🤖 AI Summary
This work addresses the high computational cost of homogenization in conventional lattice metamaterials and the difficulty of existing neural surrogates in simultaneously achieving accuracy and stability. The authors propose a novel neural solver that integrates geometric multigrid (GMG) with Point Transformer V3, reformulating it for the first time as a cross-scale architecture within a sparse GMG hierarchy. Key innovations include physics-aware positional encoding, spectral alignment initialization, multi-level residual correction, and a physics-informed loss function enabling end-to-end training. The method achieves a 160× acceleration at 512³ resolution with relative residual errors as low as 10⁻⁵, supports thermo-mechanical multiphysics, generalizes to unseen geometries and non-periodic structures, and is suitable for real-time simulation and inverse design.
📝 Abstract
Lattice metamaterials enable lightweight, multifunctional structures, yet homogenization-based evaluation of their effective properties remains computationally expensive.
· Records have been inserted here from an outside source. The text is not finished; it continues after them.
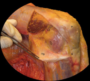 Structures of the lateral knee are more complex. These structures include the iliotibial band, biceps femoris tendon, patellofemoral ligament, patellar retinaculum, common peroneal nerve, lateral collateral ligament (LCL), fabellofibular ligament, coronary ligament, arcuate ligament, popliteofibular ligament, popliteus tendon, and lateral joint capsule (Figure 1). The primary static stabilizer of the lateral knee is the LCL and rarely constitutes an isolated injury; rather, it generally occurs in conjunction with injuries to the posterolateral corner (PLC). The PLC is comprised of the LCL, arcuate ligament, popliteofibular ligament, fabellofibular ligament, popliteus tendon, and the lateral capsule (6). Injury is commonly seen after motor vehicle accidents as well as in athletics. Injury typically is a result of a valgus force along with knee hyperextension or external tibial rotation (7). The PLC imparts important rotational stability as well.
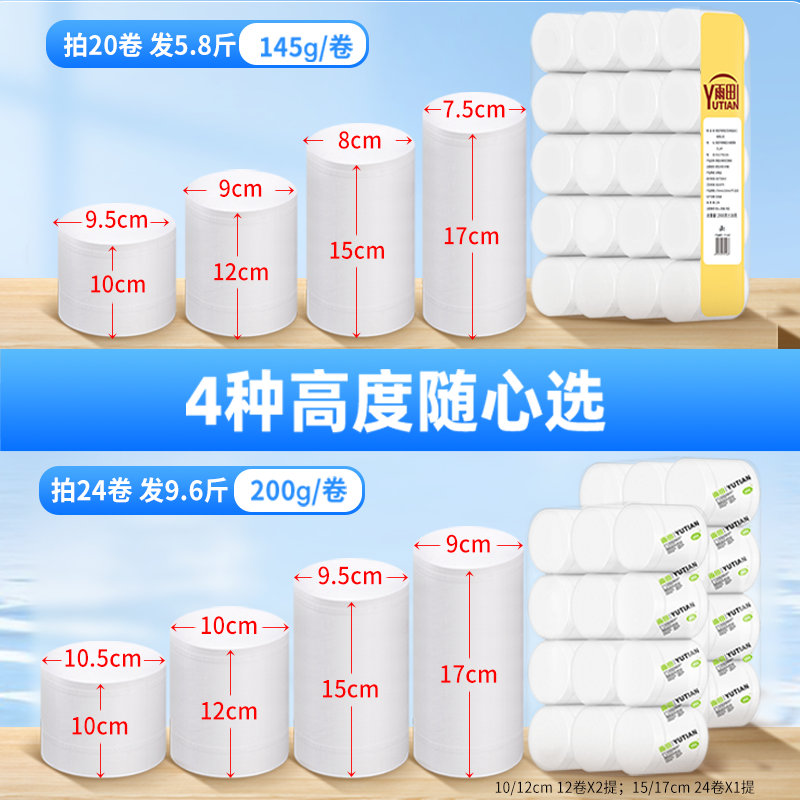 10斤/6斤卷纸无芯卷筒纸厕所卫生纸家用实心家庭实惠装厕纸巾整箱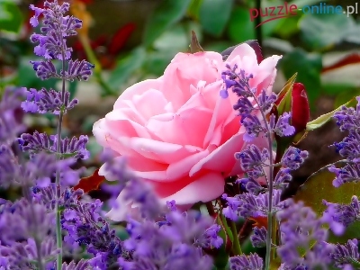 Puzzle Fioletowe, Różowa, Róża, Kwiaty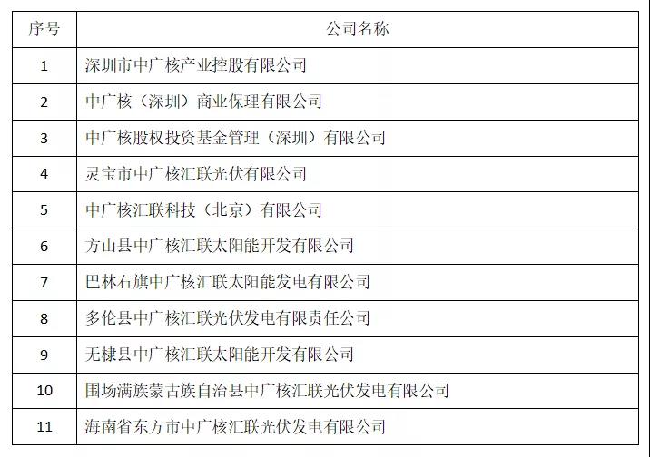 二、經(jīng)檢索查詢發(fā)現(xiàn),目前有深圳市中廣核產(chǎn)業(yè)控股有限公司、中廣核(深圳)商業(yè)保理有限公司等11家公司(附表)冒名使用“中廣核”字號(hào)或商標(biāo),對我集團(tuán)品牌造成嚴(yán)重侵權(quán)。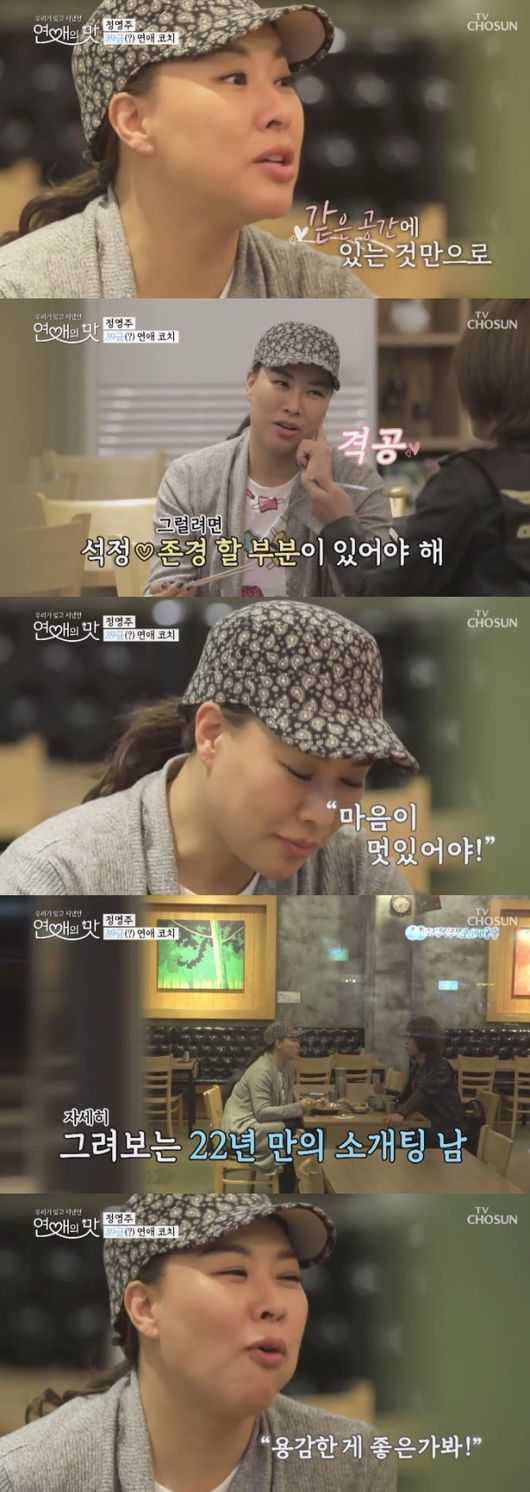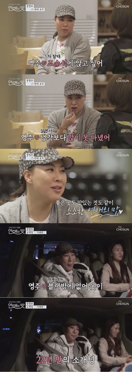 정영주는 지난 20일 방송된 TV조선 ‘연애의 맛’에 새로운 출연자로 합류했다. ‘연애의 맛’은 사랑을 잊고 지내던 대한민국 대표 싱글 스타들이 그들이 꼽은 이상형과 연애하며 사랑을 찾아가는 신개념 연애 리얼리티 프로그램.
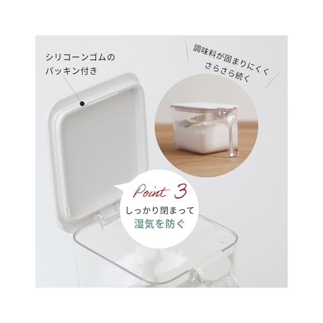 【塩や砂糖が固まりにくい】調味料がかたまりにくい、パッキンがついた調味料ポットです。しっかり閉まって湿気・乾燥を防ぎ、調味料の鮮度を保ちます。毎日使う調味料をたっぷり入れられるワイドタイプの2個セットです。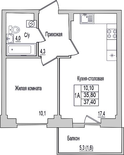 Квартира, этаж 2, площадь 37.4м²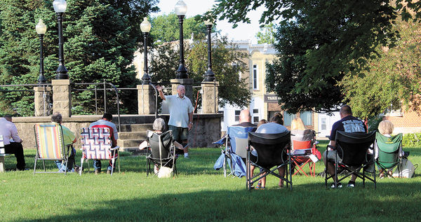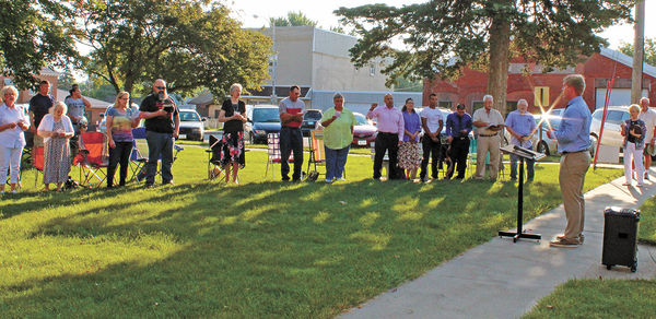 Carter Spore, Dysart, leads in singing of God Bless America as the sun reflects in front of him during services for Tama County’s portion of the Iowa Bible Reading Marathon on the Courthouse Square in Toledo on Sunday morning, July 14.

Neural surrogates offer speed but often lack the accuracy and stability required for engineering-grade simulations. We introduce GMT, a Geometric Multigrid Transformer -- a neural solver with high numerical fidelity for fast and reliable lattice homogenization. GMT achieves architectural alignment with Geometric Multigrid (GMG) by restructuring Point Transformer V3 to operate across sparse GMG hierarchies, capturing long-range dependencies and cross-level interactions essential for multigrid convergence. To enforce physical consistency, GMT incorporates physics-aware positional encoding for strict enforcement of periodicity and predicts both the finest-level solution and multi-level residual corrections. These predictions deliver a spectrally-aligned initialization, enabling end-to-end training under physics-informed and solver-aware losses and requiring only a single GMG V-cycle refinement to reach convergence. This fusion of neural prediction and numerical rigor achieves relative residual errors of $10^{-5}$ with a $160\times$ speedup over state-of-the-art GPU-based solvers at equivalent accuracy -- particularly at high resolutions (e.g. $512^3$), where traditional methods become most costly. We validate GMT across mechanical and thermal domains, demonstrate robust generalization to unseen geometries and non-periodic settings, and showcase scalability to high resolutions -- enabling real-time design iteration, multi-scale simulations, high-throughput material discovery, and inverse design.